While doctors told my husband that it didn’t look good, that if I survived, I may be left brain damaged, I floated in the river, bathed in luxurious waters. Nothing had ever felt so good.

As my husband phoned my parents, choking when he told them I lay in a drug induced coma, that a machine now breathed for me, I tried to make sense of the familiar voices that swirled about– was that my Nana? I was perfectly content.

Everything was calm, everything was right. Almost. I thought of my daughter, a person I’d met just days before. How had this little person, someone I barely knew, but knew better than any other, how had she become everything? I couldn’t leave her. I wouldn’t. She needed me, but I needed her more.

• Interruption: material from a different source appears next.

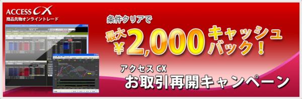 この度当社では、一定期間お取引の無いお客様に、期間中の取引手数料を最大2,000円キャッシュバックさせていただく、「アクセスCXお取引再開キャンペーン」を下記のとおり実施いたします。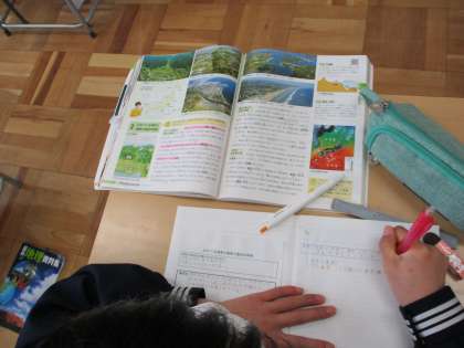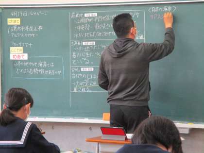 4月19日(火) 2年生(社会)「川がつくる地形と海岸や海洋の特色」 公開日 2022/04/19 更新日 2022/04/19 できごと 変化に富んだ日本の地形の特徴についての学習です。例えば、海岸線でいうと、岬と湾が入り組んだリアス海岸や長い砂浜が続く砂浜海岸などが有名です。また、多くの島から成り立つ日本は海に囲まれた島国です。日本列島の近海の海底には浅くて平らな大陸棚が広がっています。太平洋側の大陸棚の先には推進が8000mを超える海溝があります。

I raised my arms and pushed back against the current. The woman who’d been with me, the one I’ve come to think was my grandmother, became euphoric. I felt her cup my head and then take it away again. She left me as I struggled to swim back. Alone, I kicked my legs and swept my arms in ever widening arcs. The effort was enormous.

Nearing the surface, I became aware of pain again and the need to breathe. I gulped and gulped for air, but none came. Finally, I opened my eyes and a nurse was instantly by my side. Eleven days after my daughter’s birth, I was reborn. My arms and legs were tethered to the bed and a tube snaked down my throat. Soon all were removed and my family was called.

When my husband came, carrying our daughter, I kissed him this time. Passionately, gratefully. He then placed my baby in my arms and I pressed her to me. There are no words.

I knew then and forevermore I would follow her to the ends of the earth and back again. I also knew that even in death, love prevails.